'''

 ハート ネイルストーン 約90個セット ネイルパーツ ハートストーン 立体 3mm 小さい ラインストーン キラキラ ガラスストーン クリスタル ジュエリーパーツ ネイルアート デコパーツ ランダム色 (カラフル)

'''
'''

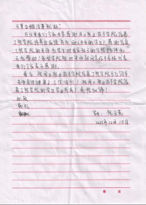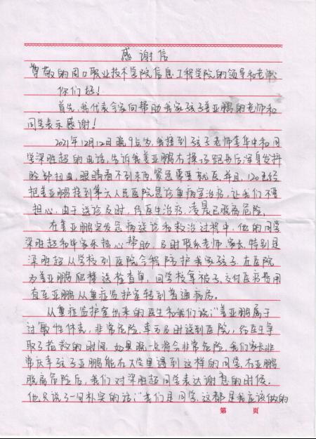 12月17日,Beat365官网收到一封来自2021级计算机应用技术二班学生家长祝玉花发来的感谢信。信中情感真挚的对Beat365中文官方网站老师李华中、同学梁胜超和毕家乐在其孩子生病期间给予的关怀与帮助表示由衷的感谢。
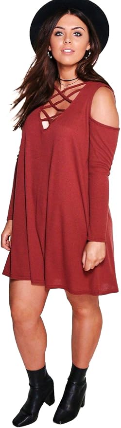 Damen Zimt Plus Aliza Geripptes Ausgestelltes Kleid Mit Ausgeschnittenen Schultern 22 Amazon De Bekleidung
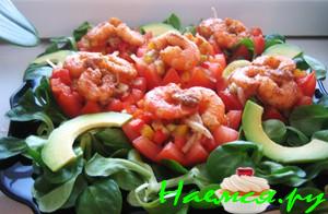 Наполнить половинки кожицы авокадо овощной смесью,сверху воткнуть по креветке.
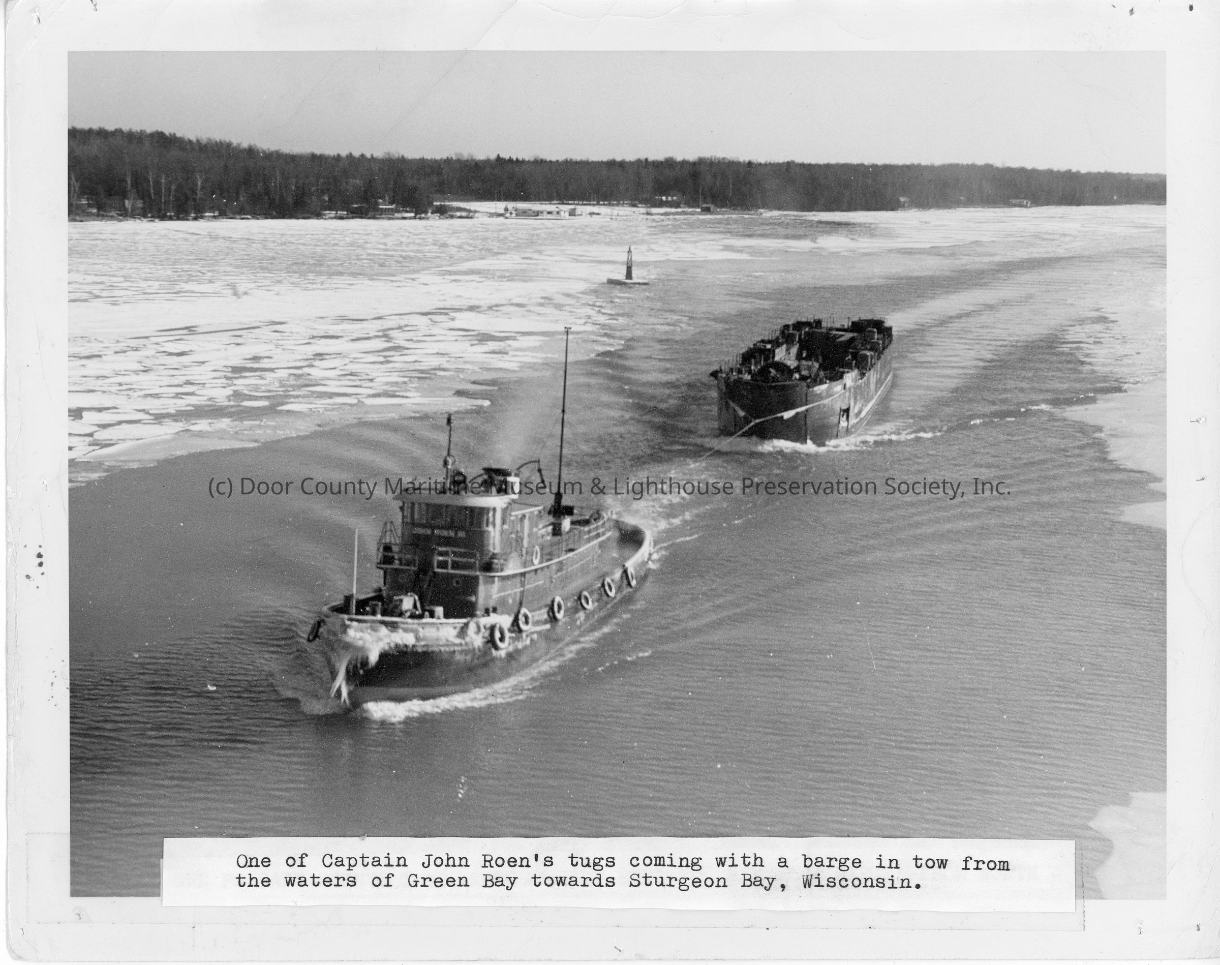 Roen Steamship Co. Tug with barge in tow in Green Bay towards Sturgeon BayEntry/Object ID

'''

**EXERCISE DIRECTIONS:** In the listing above, find the line containing "Наполнить половинки кожицы" and the line containing "Roen Steamship Co.". Reproduce those lines and all between them exactly, with no pictures and nothing more.

**EXERCISE RESULT:**
 Наполнить половинки кожицы авокадо овощной смесью,сверху воткнуть по креветке.
 Roen Steamship Co. Tug with barge in tow in Green Bay towards Sturgeon BayEntry/Object ID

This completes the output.